Tuesday, April 13, 2021

The Story of Ferdinand by Munro Leaf - sitting quietly and smelling the flowers with the 1936 Club

Title: The Story of Ferdinand
Author: Munro Leaf (1905-1976)
Illustrator: Robert Lawson (1892-1957)
Publication: Viking Press, hardcover, 1936
Genre: Picture Book
Setting: Spain
This week Simon from Stuck in a Book and Karen from Kaggsy’s Bookish Ramblings are hosting the 1936 Club, where bloggers read and write about books published in a chosen year.

Description: Everyone knows the story of a bull who would rather smell flowers than engage in bullfights. However, when Ferdinand is stung by a bee, his reaction is mistaken for ferocity and he is brought to Madrid for a bullfight. Once in the arena, he is interested in the flowers in the lady spectators’ hair but ignores the matador, much to everyone’s annoyance, so he is taken home in disgrace.
My Impression: Anita Silvey in Children’s Books and Their Creators describes how The Story of Ferdinand created a global controversy as one of the first picture books to be considered subversive. It was banned in Spain, “burned as propaganda by Hitler, and labeled in America as promoting fascism, anarchism, and communism.” Others saw it as a symbol of pacifism. Leaf protested he only wrote the story to entertain. He worked in publishing himself and had written the story in less than an hour on a yellow legal pad, intending for his friend Robert Lawson to illustrate it because Lawson felt he was feeling limited by publishers.  

Illustrator Lawson won the Caldecott in 1941 for They Were Strong and Good, a story about his forbears: “None of them,” he says, “were great or famous, but they were strong and good.” In 1945, he won the Newbery Medal for Rabbit Hill, which I often saw at the library but never felt impelled to read it, not being a big fan of animal books. One example of Lawson’s sense of humor is that he drew corks growing from the cork tree in Ferdinand.
image copyright to Penguin Putnam
I don’t remember a time before I knew Ferdinand. My mother also likes to sit and smell the flowers so perhaps that is why she read it so frequently to my sister and me. Coincidentally*, she recently came across my childhood copy – I was surprised to see it had belonged to my aunt Adrienne before me – and it was within arm’s length when I realized it was first published in 1936. The book was translated into 60 languages and has never been out of print, making both Leaf’s and Lawson’s reputations. Their second collaboration was called Wee Gillis, about a Scottish orphan who lives neither in the Highlands or Lowlands but halfway between, and was a Caldecott Honor Book in 1939.

Lessons from Ferdinand: Writer’s Digest provides five lessons for writers which are quite apt, including the fact that sometimes you will get stung!

Fun Fact: The Marquis Who Was Who in America 1607-1984 says that Leaf taught from 1920-30 at Belmont Hill, a boys’ school near Boston that a number of my friends attended.

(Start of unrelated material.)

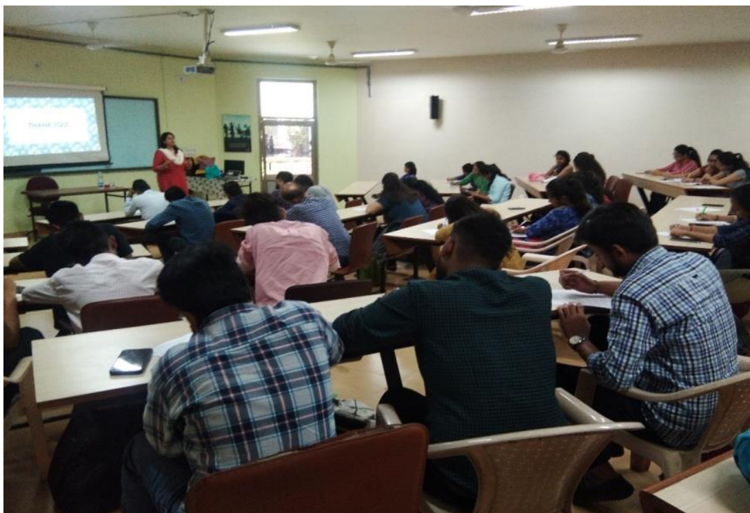
Expert talk on Gender Mainstreaming

He then earned a Master’s degree at Harvard before going on a career in publishing and as an author.

Source: Family copy
The marks on the right hand side are where little Con pasted
stars into her book, which another sibling indignantly removed

* Is it Poirot who says there are no coincidences? Or DCI Nelson? Or all our favorite detectives?

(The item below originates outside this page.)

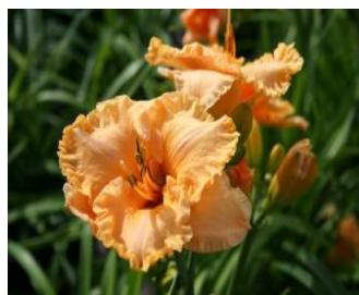
Hemerocallis 'Bermuda Peach'

kaggsysbookishramblings said...

Weirdly, I've never heard of this so maybe it never made its way over the pond. But it sounds just lovely and the pictures are wonderful! Thanks for sharing this for 1936!

Lark said...

I had a copy of this one growing up, and I've always loved this quiet little story. :)

Katrina said...

I was beginning to feel like I must have been living down a hole as I've never heard of this one either. Kaggsy's comment made me feel better! It's lovely that your copy is a family one. I'm going to have to try to track a copy down - and Wee Gillis of course.

CLM said...

I thought of you when I read about Wee Gillis, Katrina! If it was translated into 60 languages, I'd be surprised if it never reached England but it might simply not have been popular at the right time.

Simon T (StuckinaBook) said...

I've never heard of this, but gosh it sounds wonderful. Thanks for adding to the club!

Jeanne said...

I had a copy of this, growing up, and have always used it as a metaphor and read it to my own kids, but then my kids would claim they didn't remember it and I would retell the story and then they would forget it again. I find it unforgettable, but my offspring evidently find it quite forgettable. I don't know why that is.

Deniz Bevan said...

I recently reread the story that Hemingway wrote in response to Ferdinand and, as much as I love many of Hemingway's stories, and as much as he has the power to elevate writing about bullfighting (and boxing) to something akin to poetry, I still prefer Ferdinand!

Judy Krueger said...

How cool that you have that childhood copy! I haven't read this one but I have read many of the books illustrated by Robert Lawson.

Ruthiella said...

That's so neat that this is your family copy! I read this as a child as well. It was my brother's book and I have fond memories of reading it and loving the illustrations. Also, it as such a great message, though as a kid, I cared more about the pictures!